Jun 27, 2026

Voice, Avatars, and Spoken Reasoning

Today’s digest spans real-time talking avatars, relightable digital humans, universal speech synthesis, and a new look at how speech-language models reason internally. Together they point to more natural, controllable, and interactive conversational AI systems.

We propose InteractiveAvatar, a real-time streaming audio-driven avatar generation framework that enables intent-aware interaction. InteractiveAvatar interprets user intent to generate contextually relevant actions throughout the dialogue while maintaining long-range visual consistency. From InteractiveAvatar.

Talking Avatars & Interactive Video

InteractiveAvatar

InteractiveAvatar: Real-Time Streaming Video Generation for Consistent and Intent-Aware Avatars

A real-time streaming avatar system that ensures long-term visual consistency and enables context-aware speech and actions by understanding user intent. It combines memory mechanisms for visual coherence with an intent reasoning module for interactive, natural avatar behavior beyond standard audio-driven models.

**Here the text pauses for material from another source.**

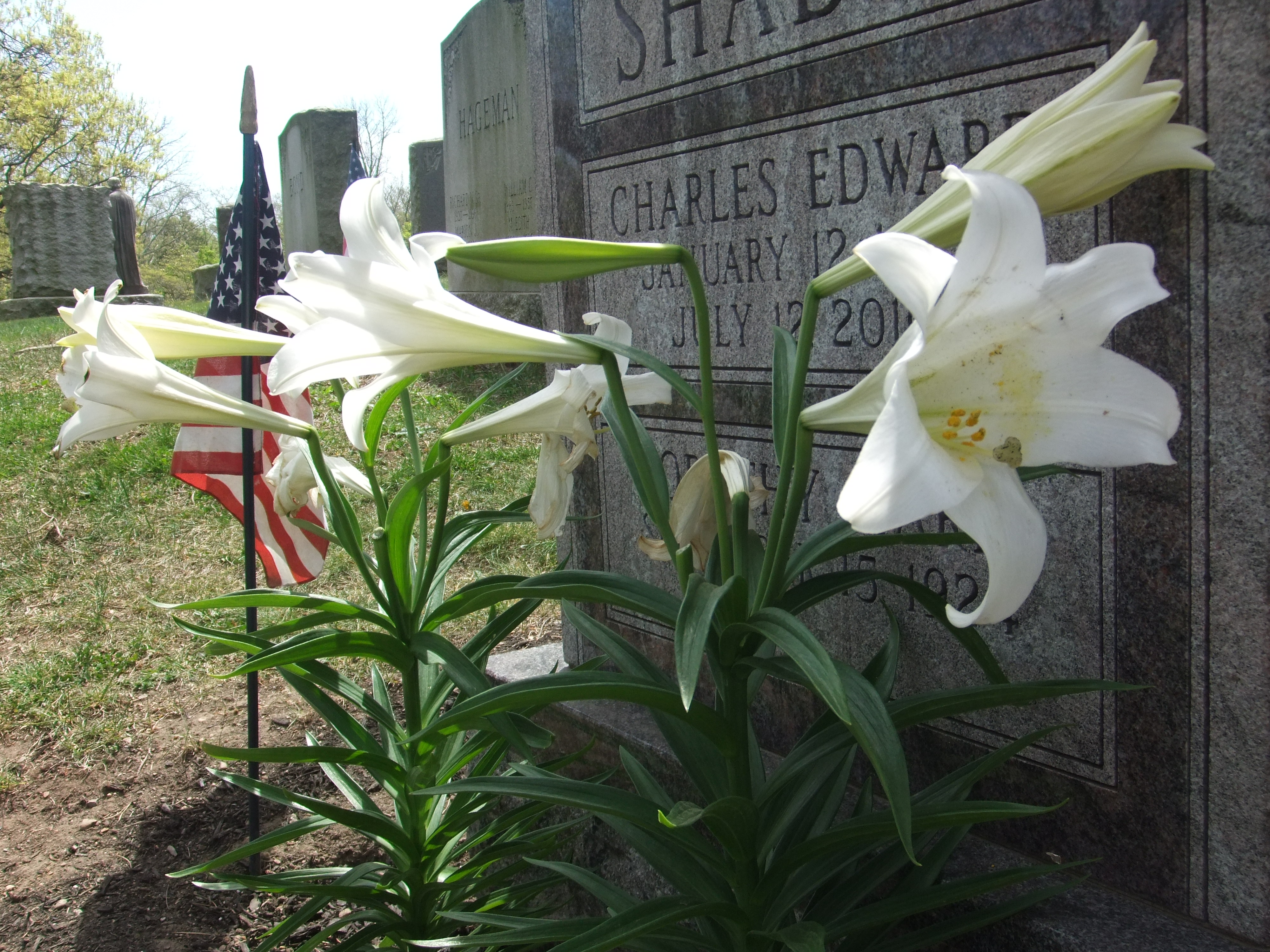 Palm Sunday I was walking my dogs in the cemetery. Sundays are busier there than any other day of the week, and holiday Sundays even more so. Team Puggle and I do our best to steer clear of people tending or visiting graves, as well as other dogs, so upon seeing five cars parked along the front drive, we took to the back paths.

Digital Humans & 3D Avatars

Generative Relightable Avatars

Generative Relightable Avatars enable photorealistic free-view rendering and relighting of full-body humans by combining physics-based relighting with generative video refinement. This captures fine details and pose-dependent effects, producing temporally coherent avatars under diverse lighting.

TTS & Voice Synthesis

Bagpiper-TTS

Bagpiper-TTS: Natural Language Guided Universal Speech Synthesis

Bagpiper-TTS is a universal speech synthesis system using natural language to guide speech generation with rich details. It replaces rigid metadata inputs and supports diverse tasks like multi-talker dialogue, intent-to-speech, role-play, and singing voice synthesis in a single unified model.

SpeechLLMs & Spoken Reasoning

Interleaved SLMs Latent Text

Interleaved Speech Language Models Latently Work In Text

This paper shows that interleaved speech-text language models internally transcribe speech into text tokens within intermediate layers, without explicit transcription training. This latent transcription enables a unique interplay of speech and text modalities for improved model function.